The task: Of the entries that follow, how many lines hold the string "Kart"? Write the number and nothing more.

Data shown:
╔══

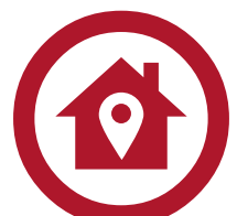
Indoor location compatible
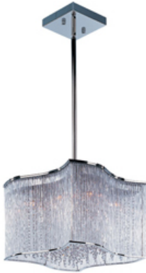
39704CLPC Swizzle 12-Light Pendant
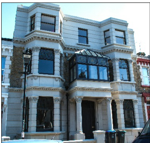
12 Arthur Road, Cliftonville
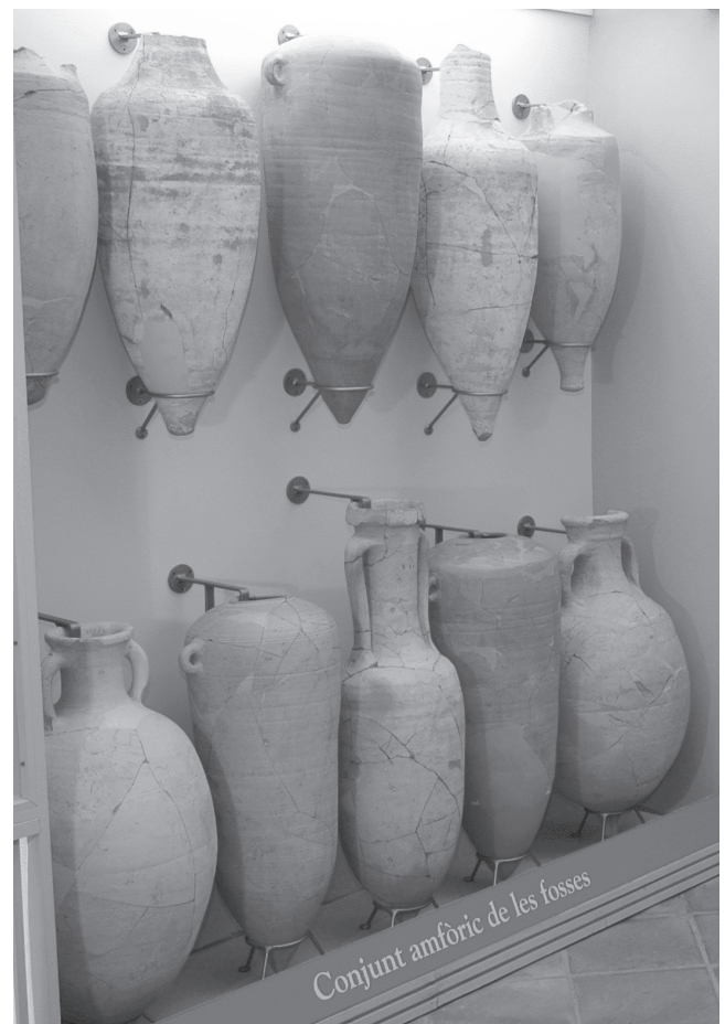
Figure 8. Sample of amphorae found inside the graves that can be dated from the start of the city of Iesso (Guissona).

With regard to the proto-historic settlement in Guissona, archaeology has documented it only partly, but enough to state that it developed over several centuries yet was abandoned at the height of the Iberian period in around the 4th and 3rd centuries BC. There must have been a population contraction in the early 4th century BC, just like in other points around the country, when people tended to enclose themselves on high ground, which was easier to defend. The Puig Castellar Iberian settlement in Talteüll, located six kilometres northeast of Guissona on a hill next to the Llobregós River within the township of Biosca, was quite probably the point where the inhabitants of this zone concentrated at the peak of the Iberian period. On the land of what is today Guissona, the fountain might still have been frequented between the 4th and 2nd centuries BC, and there might have been some shack or small, modest home, but not an Iberian settlement per se. The city of Iesso was founded in the
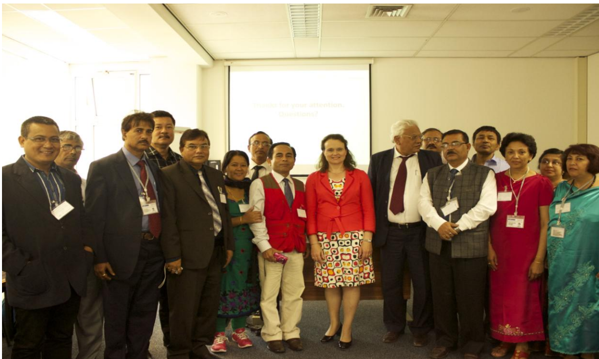
Participants and Resource Persons at Maastricht School of Management, Netherlands
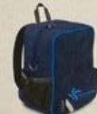
Primary Physiopak III $41.50

See your office or uniform facilitator to test and try on any item.
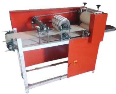
Automatic Panipuri Making Machine
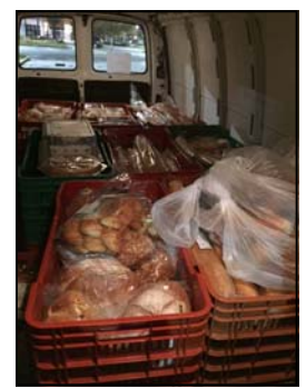
Bread loaded in Van
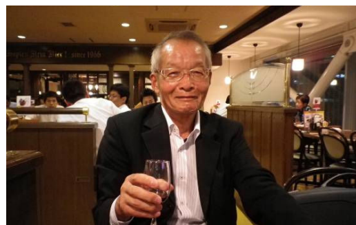
21st July, at the beer garden near Osaka station
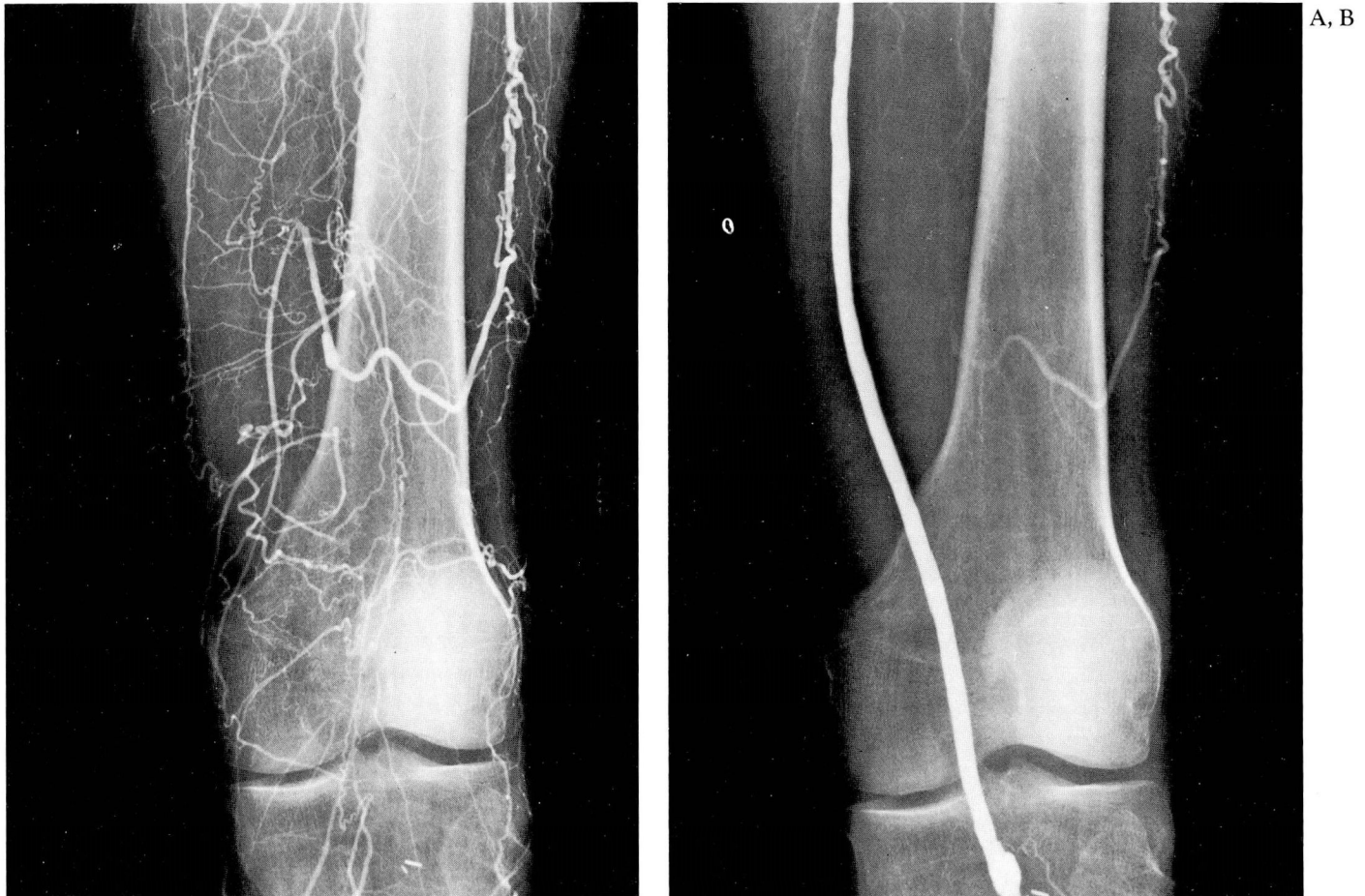
FIGURE 5A. Thrombosis of in situ saphenous-vein femoral-popliteal bypass. Note collateral from profunda femoris and poor distal reconstitution of vessels. FIGURE 5B. Patency of bypass is restored after four hours of t-PA administration. Stenotic distal anastomosis (not shown here) required revision to maintain patency of bypass.

thromboplastin time, or by clotable fibrinogen assay. With the exception of the latter assay, these methods are not very sensitive or specific. Furthermore, laboratory evaluation to establish presence of a lytic state does not indicate clot lysis or herald complications. 112,113 Laboratory analysis informs the clinician that the intended reaction of plasminogen activator is occurring. To determine whether clot lysis has occurred, the investigator must look for presence of circulating fibrin fragments including D-dimer and B-BETA 15-42 subunits. However, the levels of these fragments are of little value for clinical monitoring. Instead, we generally measure thrombin time, fibrinogen level, and hematocrit twice daily.
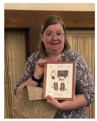
Door prize from With My Needle
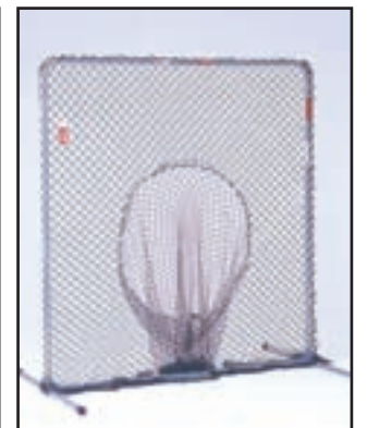
Seven-Footer® Square Screen with Sock-Net™
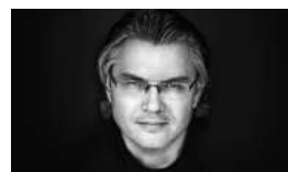
Airat Ichmouratov Composer (CAN/RUS)
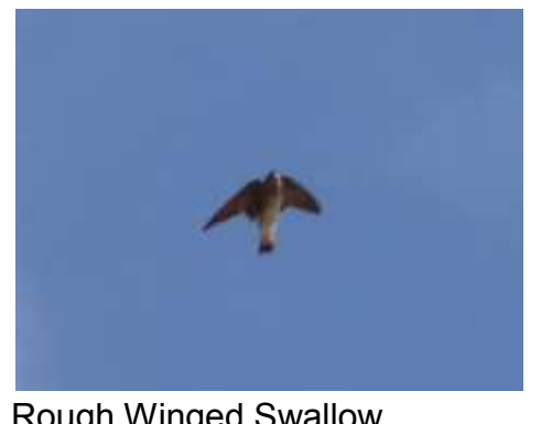
Rough Winged Swallow
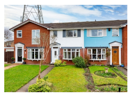
3 Swinford Leys, Wombourne, WV5 8HT
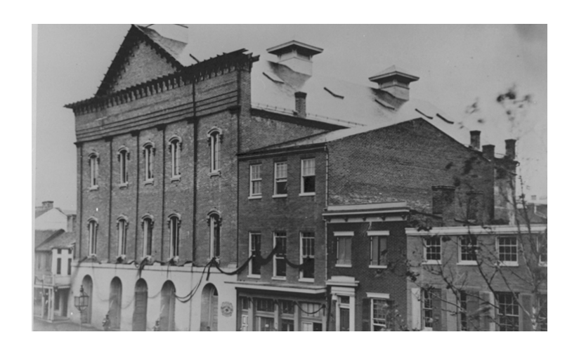
Virtual Visit: Ford's Theatre
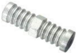
ISFP - WB

Material : HR Sheet Size : Ø 4 - 10mm Weight : 0.460 kg
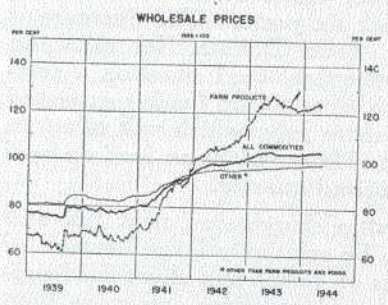
Bureau of Labor Statistics' indexes. Weekly figures, latest shown are for week ended May 13, 1944.
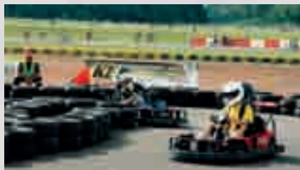
NRWCS 08 included, for the first time, a Go-Kart track where interested participants could register for a drive on the runway.

This year's NRWCS included, for the first time, a Go-Kart track where interested
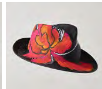
SSKDA617002-F Asymmetric fedora in black panama hand painted with orange tropical flower
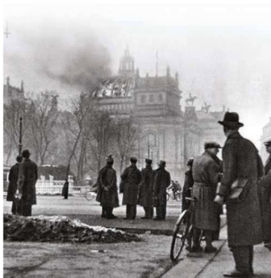
Discover why Hitler's Germany has spawned a plethora of conspiracy theories, on page 59
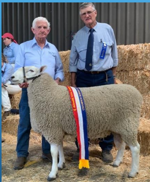
Supreme Longwool Champion Ram Canberra Royal 2020 Talkook Maximus 171/2018 Sire: Talkook Mountain
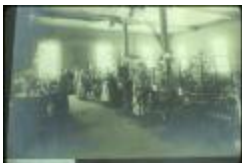
Utica Psychiatric Hospital (NYSA_B1560-97_B08_11)
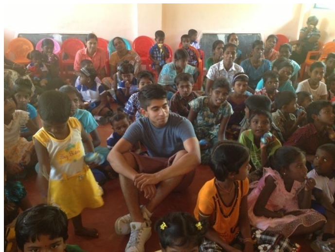
Vannan Pre-School Opening Ceremony on 29-08/13
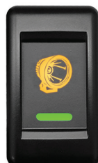
HU1361AG-37 Search lights
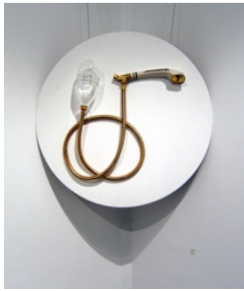
Lifeforce installation view
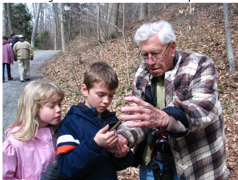
Nature Walk at Marcy's Woods- See the snake.
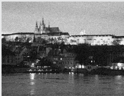
● DNR OFF
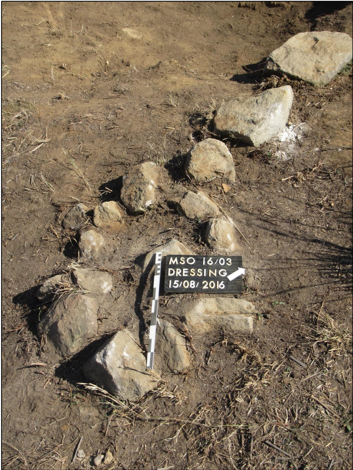
Figure 10 – MSO 16/03, Dressing.
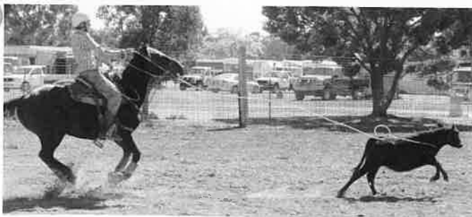
Kingaroy Junior - Taylor Schultz Breakaway Roping
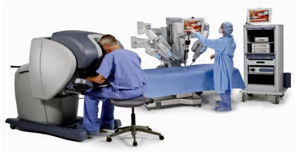
Figure 1: The da Vinci Surgical System.
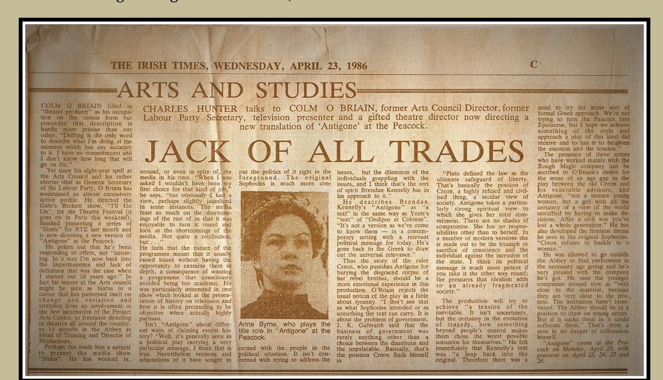
Review of the 1986 Antigone in the Irish Times .

have no wish to do it again. So, I have never repeated myself in that regard. I mean, other directors take the same play and do several productions of it with different actors, at different times. I have never been in that situation.
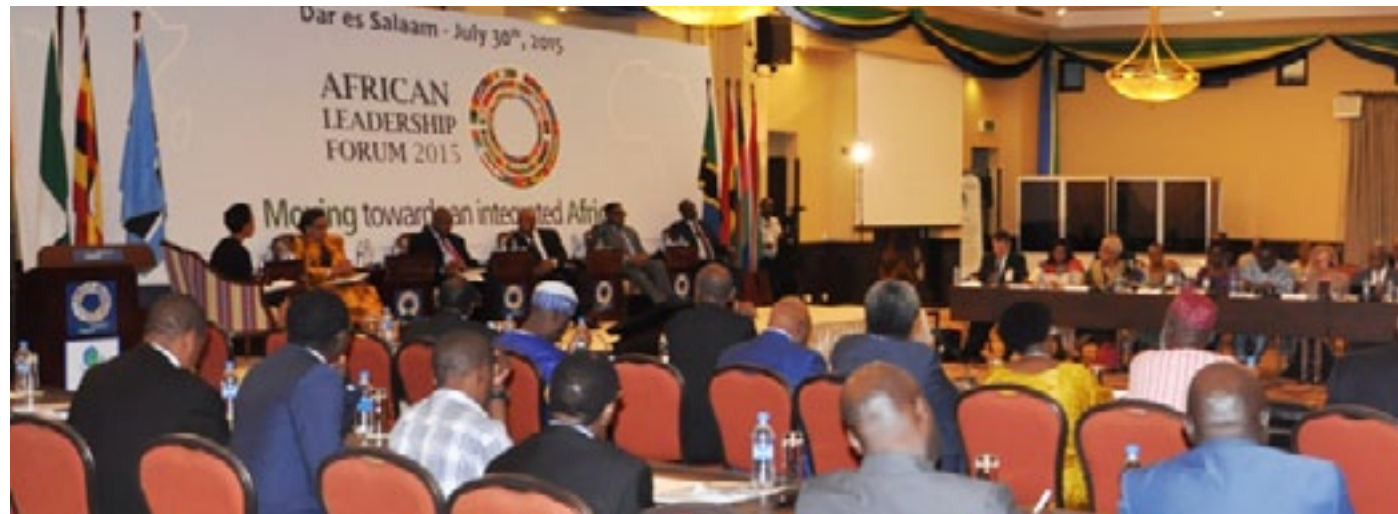
Participants in one of the plenary discussions at the ALF 2015.

Many in Africa do not know that the human resource is the greater wealth than the minerals in the ground. That is how China, Japan, India and even South Korea are much richer than Saudi Arabia .”

╚══

Response to the exercise: 2